Господа, в кошмарных судебных процессах, где действует серная кислота, как-то всегда сразу же снимается с очереди вопрос:
– Кто виноват?
Как кто виноват? Виноват посягнувший на внешний прекрасный облик человека. Простое, но, простите, трафаретное решение!
Мы должны иметь мужество сказать честно и без боязни навлечь на себя упрек в ретроградстве:
– Есть нечто, что гораздо хуже серной кислоты.
Когда г-жа Ткаченко, решив симулировать разлуку, временно уезжает в Петроград, между нею и Петровской завязывается переписка. Мы знаем из показаний «директора», как он сам себя называет, «бюро осведомления», сыщика Черемушкина (кстати, какие неожиданные оригинальные фрукты вырастают на почве нашей плодородной действительности!), как во время этого кратковременного первого отъезда в Петроград московской красавицы проводила там время влюбленная парочка. Но вот отрывок из письма потерпевшей, который беспощадно вырисовывает перед нами душу, заключенную в прекрасную оболочку женского тела. Письмо, судя по своей дате, отправлено на третий день пребывания Петровского в Петрограде. Г-жа Ткаченко пишет обвиняемой:
«Уехав из Москвы, я почувствовала себя так, как будто вырвалась, наконец, на свежий воздух. И, если кого мне сейчас не хватает в Петрограде, то это только одной тебя – тебя, честной, никогда не лгущей, с широкою и правдивою душой. Разве я могу когда-нибудь забыть то мгновение, когда ты впервые отворила дверь моего номера, где я и мой Арсик скрывались всеми отверженные? Ты пришла, чтобы мне сказать, что тебе чужды инстинкты тупой собственницы, охраняющей святость супружеского очага справками в полицейском участке… Ты заставила меня поверить в жизнь и благородство человека и притом в такой момент, когда я была близка к самоубийству. Ты мне возвратила утраченную веру в людей».

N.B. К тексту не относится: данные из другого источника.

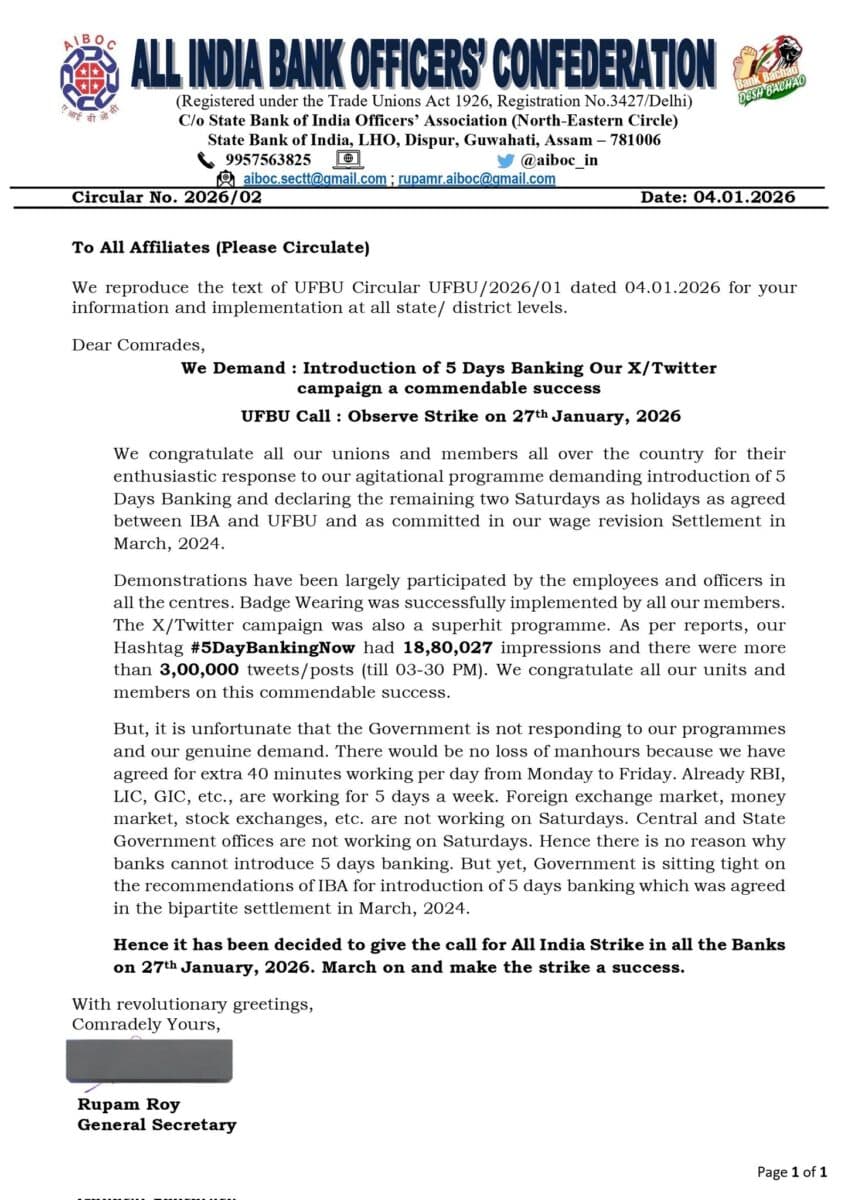 UFBU ने आरोप लगाया है कि सरकार उनकी वाजिब और लंबे समय से लंबित मांगों पर कोई ठोस प्रतिक्रिया नहीं दे रही है, जिससे बैंक कर्मचारियों में नाराजगी बढ़ रही है. इसी असंतोष के चलते 27 जनवरी 2026 को सभी बैंकों में अखिल भारतीय हड़ताल का निर्णय लिया गया है. संघ के अनुसार, 5-दिवसीय बैंकिंग सप्ताह की मांग को लेकर सोशल मीडिया पर चलाया जा रहा अभियान #5DayBankingNow काफी प्रभावी साबित हुआ है. अब तक इस अभियान को X (पूर्व में ट्विटर) पर 18.8 लाख से अधिक इम्प्रेशन और लगभग 2.85 लाख पोस्ट मिल चुकी हैं.

Так писала г-жа Ткаченко «своей дорогой Вавочке» из Петрограда правой рукой в то время, когда ее левая рука обнимала и ласкала ее мужа. Я бы хотел только спросить:
– Кто облил серною кислотою душу г-жи Ткаченко, ее прекрасную душу (ибо верю, что всякая душа человеческая прекрасна от рождения!), что мы с таким трудом различаем в этой душе первоначальные искаженные человеческие черты?
На суде много говорилось о той сети якобы хитроумного и дьявольски-искусного шпионажа, которым Петровская окружила своего мужа. Но, помилуй Бог, господа: во все времена средствам нападения люди стремились противопоставить равные и, во всяком случае, целесообразные средства защиты. Научите же тогда, что делать женщине-семьянинке, оберегающей, может быть, слишком фанатично, как Петровская, уходящую из нашей жизни сказку о вечной любви, «любви до гроба», любви «к своему единственному Васючку»?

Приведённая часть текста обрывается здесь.